Content Hash

In order to allow API apps to verify uploaded contents or compare remote files to local files without downloading them, the FileMetadata object contains a hash of the file contents in the content_hash property.

To verify that the server’s copy of the file is identical to yours, make sure the server-generated content_hash is identical to your locally-computed version of the file’s content hash.

To calculate the content_hash of a file:

  1. Split the file into blocks of 4 MB (4,194,304 or 4 * 1024 * 1024 bytes). The last block (if any) may be smaller than 4 MB.
  2. Compute the hash of each block using SHA-256.
  3. Concatenate the hash of all blocks in the binary format to form a single binary string.
  4. Compute the hash of the concatenated string using SHA-256. Output the resulting hash in hexadecimal format.

Note there is no block for an empty file of zero length. In this case an empty string would be formed in step 3 above.

Here is an example of running the above algorithm on this image of the Milky Way from NASA.

The file is 9.7 MB (9,711,423 bytes) in size. We divide it into three blocks and run SHA-256 on each block.

Block Size SHA-256 (32-byte value, shown in hex)
1 4194304 2a846fa617c3361fc117e1c5c1e1838c336b6a5cef982c1a2d9bdf68f2f1992a
2 4194304 c68469027410ea393eba6551b9fa1e26db775f00eae70a0c3c129a0011a39cf9
3 1322815 7376192de020925ce6c5ef5a8a0405e931b0a9a8c75517aacd9ca24a8a56818b

Concatenate the three 32-byte hashes to get a single 96-byte value. Run SHA-256 on the concatenated value, then hex-encode the result, yielding 485291fa0ee50c016982abbfa943957bcd231aae0492ccbaa22c58e3997b35e0.
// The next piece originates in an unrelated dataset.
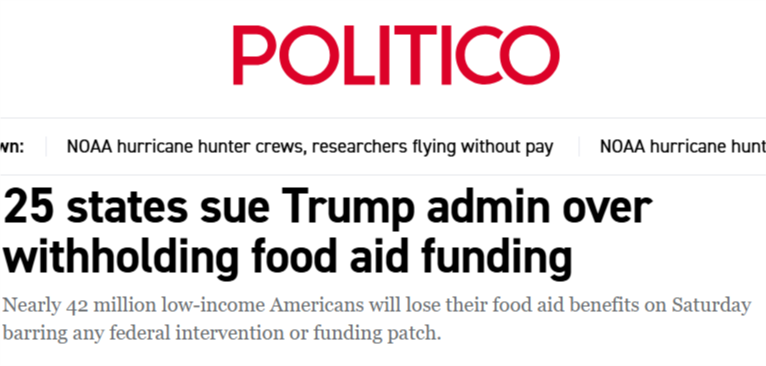 據(jù)美國(guó)《政治報(bào)》網(wǎng)站報(bào)道,受政府持續(xù)“停擺”影響,美農(nóng)業(yè)部宣布暫停其“補(bǔ)充營(yíng)養(yǎng)援助計(jì)劃”(SNAP),11月1日起停止發(fā)放食品救濟(jì)。目前這一項(xiàng)目覆蓋約4200萬(wàn)人,約占美國(guó)總?cè)丝诎朔种唬渲卸鄶?shù)為低收入群體和殘障人士。SNAP項(xiàng)目暫停后,他們的生活將難以為繼。當(dāng)?shù)貢r(shí)間28日,民主黨主政的25個(gè)州和首都華盛頓對(duì)聯(lián)邦政府提起訴訟,要求動(dòng)用聯(lián)邦應(yīng)急資金,以維持這一項(xiàng)目。

Example code in some popular languages are available in our Github repo.

You can assume that the content_hash field would always be available and we would not change the way to generate it. However in the unlikely case where we decide to change it in the future, we want to keep the transition process as smooth as possible by declaring the field as optional. We may provide the new representation in another field and stop providing the old representation after a certain time. We will provide advanced notice to developers with the details of the transition process.